Warren Spector has intimated that he's a little bit scared of the next generation of consoles, if only because production costs may well prove astronomical.
Citing Nintendo, and the Wii in particular, as an example of design in games prevailing over big budget graphics, Spector said he was "a little worried" that "once we can do Pixar-quality graphics rendered in real time with interactivity", development costs may shoot over the $200 million mark, with a greater emphasis on landslide sales to earn that money back, something that only a small handful of studios will be able to achieve.
"Honestly? I don’t care much about hardware,” said Spector, talking to Digital Spy. “Nintendo games are some of the best games in the world and from a more graphical standpoint, the Wii can’t do what a PS3 or 360 can do. It’s about design and not so much about tech for me. Honestly, I’m more scared about what will come next than I am excited.
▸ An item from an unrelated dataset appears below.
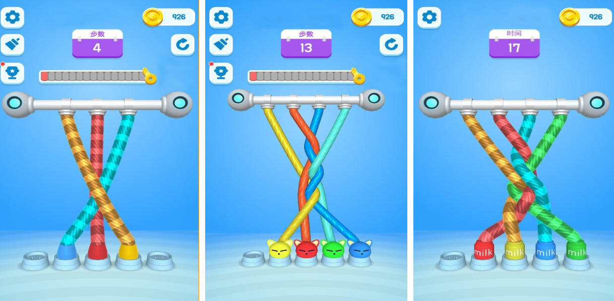 本作是難度并不高的一款繩索主題解謎互動類游戲,通過將所有繩索解開進(jìn)行闖關(guān)的機(jī)制代入感很強(qiáng),一團(tuán)亂麻一般的繩索設(shè)定讓游戲更具辨識度,玩家要尋找線索將繩索全部解開才能通關(guān),很快的游戲節(jié)奏令解繩子愛好者流連忘返,倒計時的基礎(chǔ)設(shè)定讓這款解謎游戲的緊迫感大大提升。

“Once we can do Pixar-quality graphics rendered in real time with interactivity, I could see games costing $200 million to make and all of a sudden you have to sell a lot of games just to break even, so I’m a little worried someone’s going to do that."
Then again, although worried about the steep resource requirements that might be ushered in with the next generation of hardware, Spector reckons he'll just keep on truckin'.
“Someone’s going to spend… well, there are already people spending $100 million on games, that’s not even insane anymore. $200, 300 million games, I’m a little scared about that, there aren’t a lot of companies that have the resources or the courage to spend that much. So my gut’s in a bit of a knot about that but whatever comes along I’ll just make games that work on that platform, I don’t think about hardware too much.”
Spector's Epic Mickey 2 is out this autumn for PC, PS3, Wii, and Xbox 360, with a 3DS spin-off, subtitled Power of Illusion in the pipeline too.